Quantitative Data Synthesis and Analysis
Interrater agreement between the reviewers who screened the studies for inclusion was performed using kappa statistics.21
Meta-analyses of study outcomes were performed wherever possible using RevMan (The Nordic Cochrane Centre, Copenhagen, Denmark). For analysis of continuous data, standardized mean differences (SMDs) with 95% CIs were used, as this method has been reported to be more generalizable39 and allows for assessment of studies utilizing different scales to assess the same outcome. The random-effects model was used to account for variability between studies and its effect on the intervention. The I2 statistic was used to measure the heterogeneity between trials.15 An I2 value of 25% represents a small, 50% a moderate, and 75% a large degree of heterogeneity.16 Effect size was interpreted using Cohen's criteria for pooled estimates.8 Cohen described 0.2 as small, 0.5 as moderate, and 0.8 as large effect sizes.8
To assess for risk of publication bias, funnel plots were constructed.22 A symmetrical funnel plot indicates a lower risk of publication bias, whereas an asymmetrical funnel plot indicates a high risk of publication bias.
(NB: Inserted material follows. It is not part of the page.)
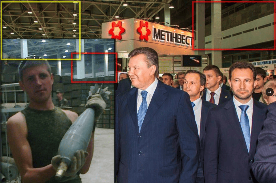 As early as 2015 and 2016, the OSCE Special Monitoring Mission to Ukraine was informed that the ExpoDonbas building, in the middle of the city of Donetsk and barely 500 meters from the Donbass Arena, the home stadium of the well-known soccer club Shakhtar Donetsk, which opened in 2009, was being used as a warehouse for military equipment and ammunition. The photo evidence is provided by a “selfie” of a young man who is apparently busy storing ammunition in the ExpoDonbas hall. Shortly afterwards, the hall was destroyed by Ukrainian artillery fire according to a photo comparison (see marked areas on the picture). The musicians’ quarters

A 2-point change in pain on a visual analog scale (VAS) ranging from 0 to 10 was considered a clinically meaningful change in pain for between-group comparisons, as this criterion was also used in a previous systematic review of dry needling,20 enabling comparisons with the previous literature. As we were unable to find evidence describing the minimal clinically important difference for PPT, between-group comparisons were not performed for PPT.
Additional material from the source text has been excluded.